The 151 people completed the survey, in particular 113 (73%) male, 39 (25%) female respondents, and two participants who preferred not to communicate their gender. A greater part of the responses, 47 (31%) and 42 (27%), was received from persons aged 25–34 and 35–44 years old, respectively. The other respondents’ age groups were 45–54 years old, 26 (17%), 23 people over 55 (15%), and 15 participants aged 18–24 (10%); one person preferred not to indicate their age.
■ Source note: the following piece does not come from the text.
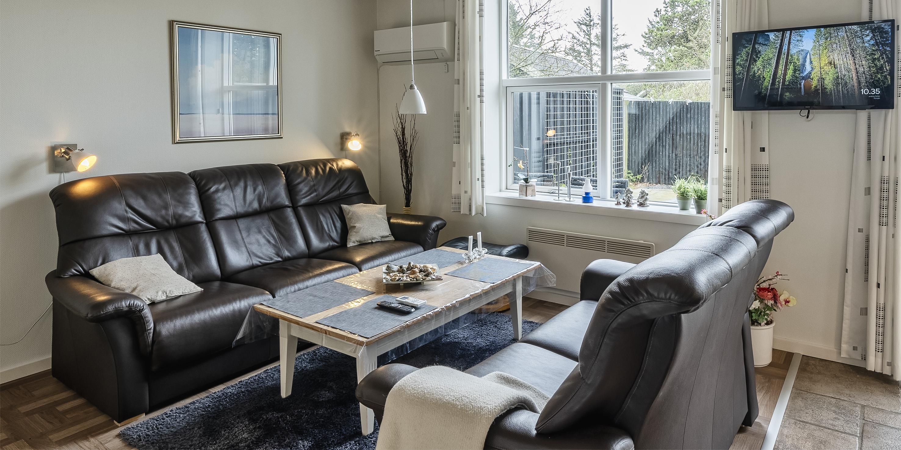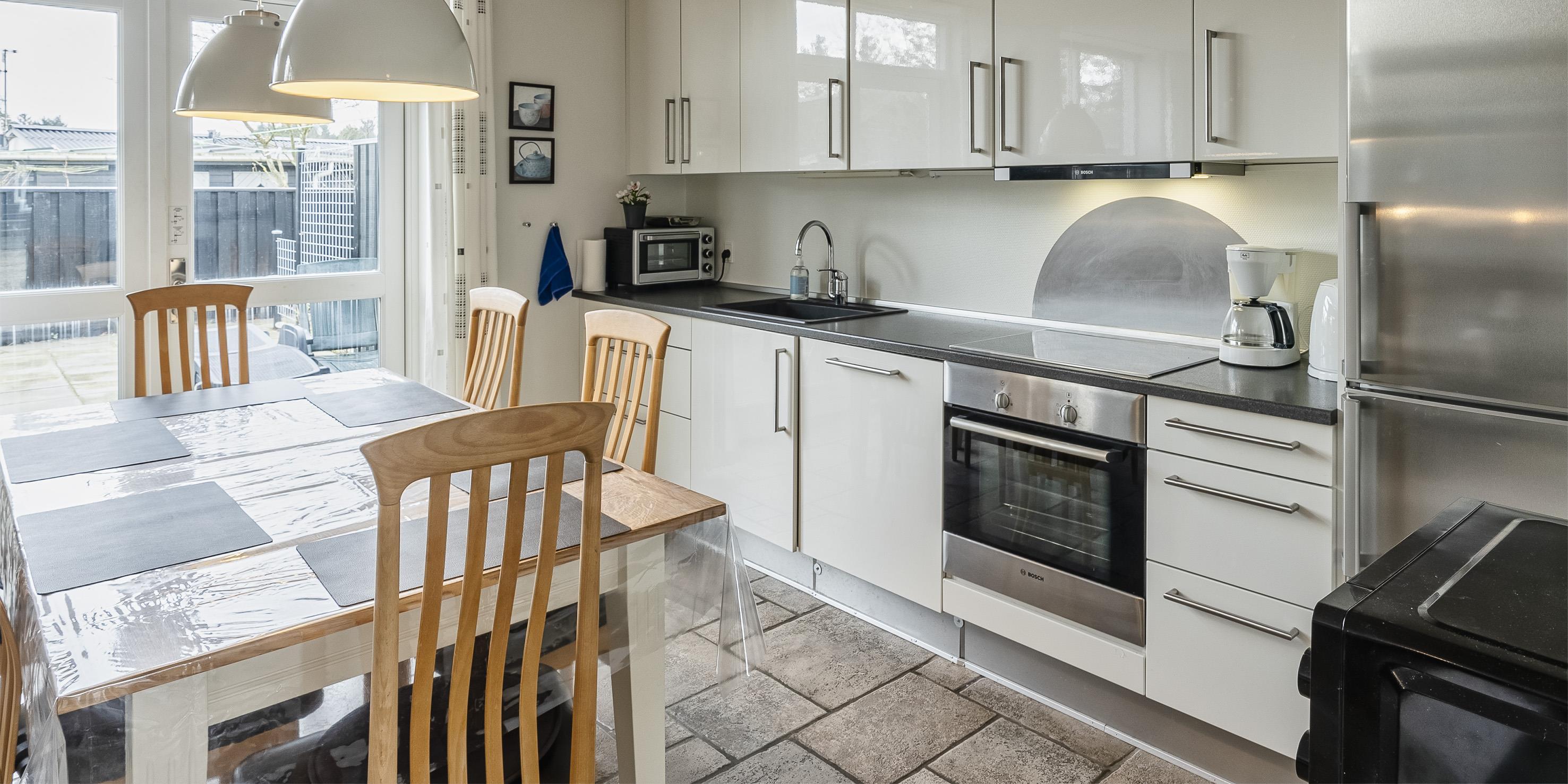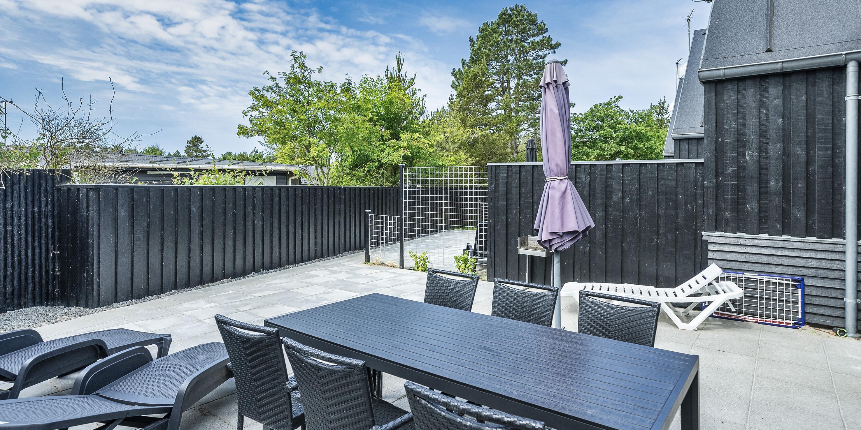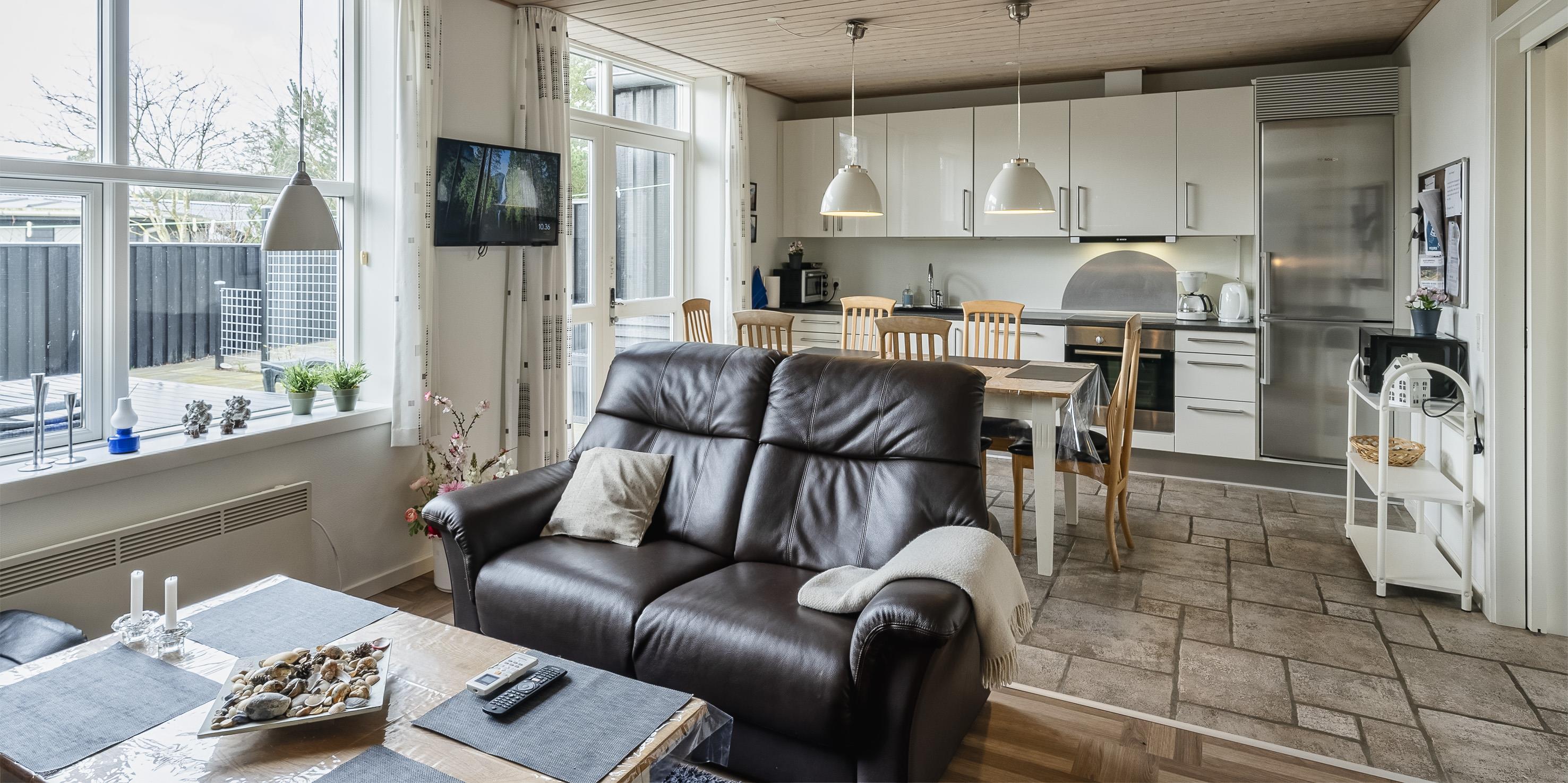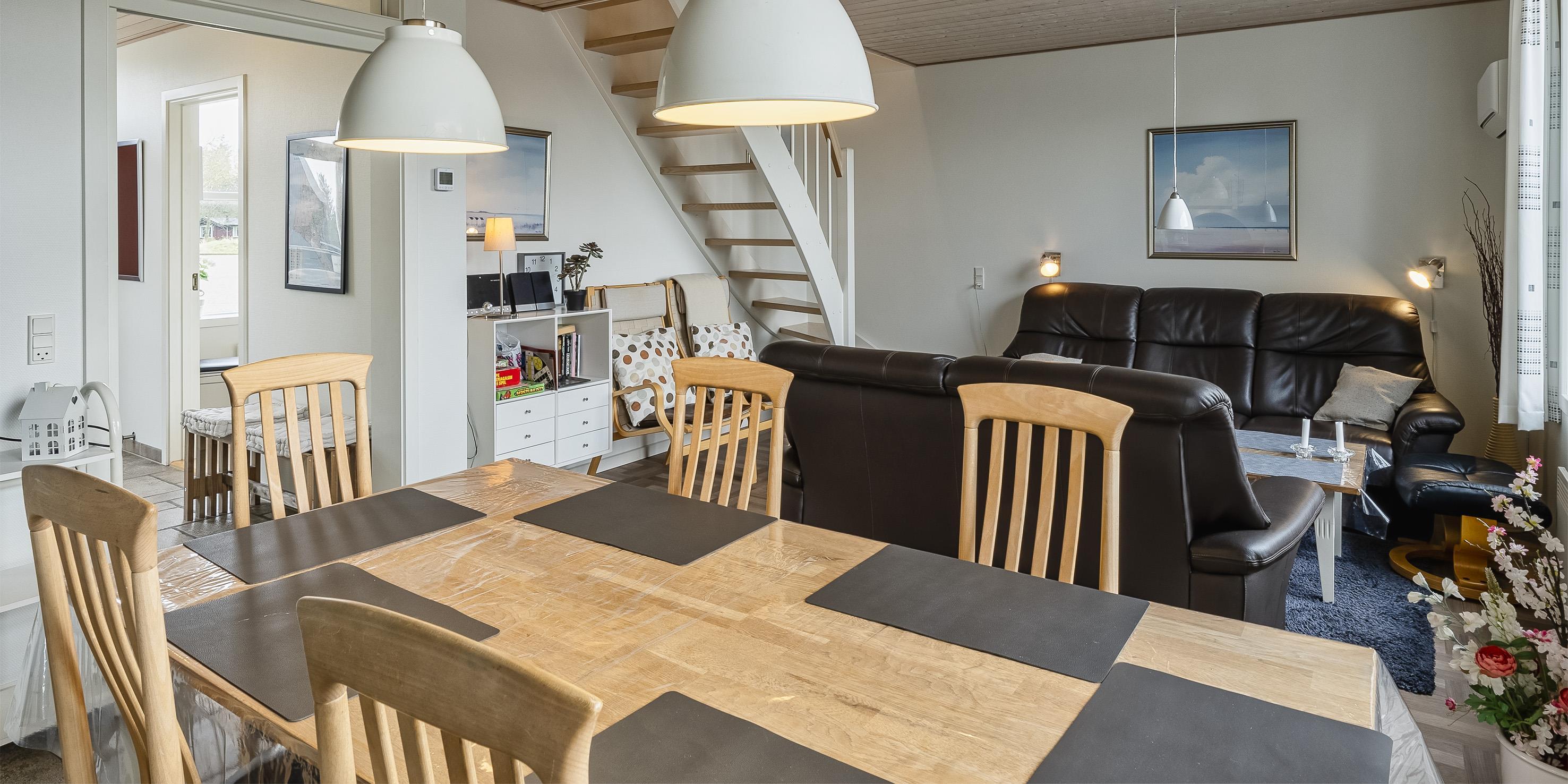 Stueetagen: Stor entre med god plads til garderobe, her forefindes et teknikskab. Fra entreen kommer man ind i huset opholdsrum. Her forefindes et lyst åbent køkken. Køkkenet er indrettet med kølefryseskab, keramisk kogeplade, emhætte, mikroovn, miniovn, indbygningsovn og opvaskemaskine. Spisestue afdeling er i åben forbindelse med køkkenet og med kig til haven igennem det store vinduesparti, som ydermere giver adgang den sydvendte terrasse. Stuen er indrettet med 2 behagelige sofaer hvorfra der er kig til haven. I Opholdsrumemt forefindes et fjernsyn med Tv programmer igennem Yousee og trådløs internetforbindelse og Chromcast. I stueplan forefindes der ydermere 1 soveværelse med 1 dobbeltseng og 1 klædeskab. Dejligt badeværelse med bruser/wc og en vaskemaskine og tørretumbler. På 1. sal forefindes der ydermere 2 soveværelser, 1 soveværelse med 1 dobbeltseng samt 1 soveværelser med 2 enkeltsenge. ved huset er der 2 dejlige terrasser, foran huset kan morgensolen nydes og ydermere en sydvendt terrasse. Gratis adgang til badeland og bowling i Varde 2026. Rygning er IKKE tilladt! Byggeår 2009. Ekstra udgift for vandforbrug.

Most of the people who completed the survey have a master’s (54/35%) or a doctoral (47/31%) degree, while the rest of the interviewed persons’ highest level of education is a bachelor’s degree (23/15%), a professional degree (11/7%), a high school degree or equivalent (14/9%), or less than a high school diploma (3 or 2%); two people preferred not to say. The respondents evaluated their experience with maps as follows: 83 (54%) of them create maps, 37 (24%) deal with maps on a daily basis, the other 28 (18%) use maps weekly, while 6 (4%) use maps rarely. These numbers show that the survey reached its target audience, but also gave the possibility to obtain feedback from non-cartographers. The respondents indicated in “%” their familiarity with relief shading, and on average, it amounts to 68%; 56 participants were 80%–100% familiar with relief shading (of whom 28 indicated 100%) and thus formed the experts group; 42 respondents indicated more than 50% and 23 less than 50%, including 9 people who were not familiar with relief shading at all.

3.2. Answers

Obtaining additional survey results as detailed qualitative comments allowed for explanations which characteristics or aspects respondents took as a basis for evaluation, why they made specific choice, what difficulties they experienced when answering the questions, and provided suggestions of what can be improved and, generally, ideas and observations.

3.2.1. Block Mountains

As may be seen from Figure 7, almost the half of the respondents (47%) chose the clear sky model method as the most suitable for the depiction of the block mountains. Relief shading with NNW illumination was mainly considered rather suitable whereas texture shading rather not (32%) or least suitable (29%) for portraying the landform. Cluster shading received 44% of the answers as being rather suitable, while the MDOW method was considered to be rather inappropriate for this landform (29% for rather not suitable and 29% for least suitable). The most controversial method appeared to be the clear sky model with vertical exaggeration, since it scored high enough numbers in each of the categories: 31% believed it is actually the most suitable method, 18% rather suitable, 16% could not decide, 25% rather not suitable, and 10% the least suitable method for depicting this landform.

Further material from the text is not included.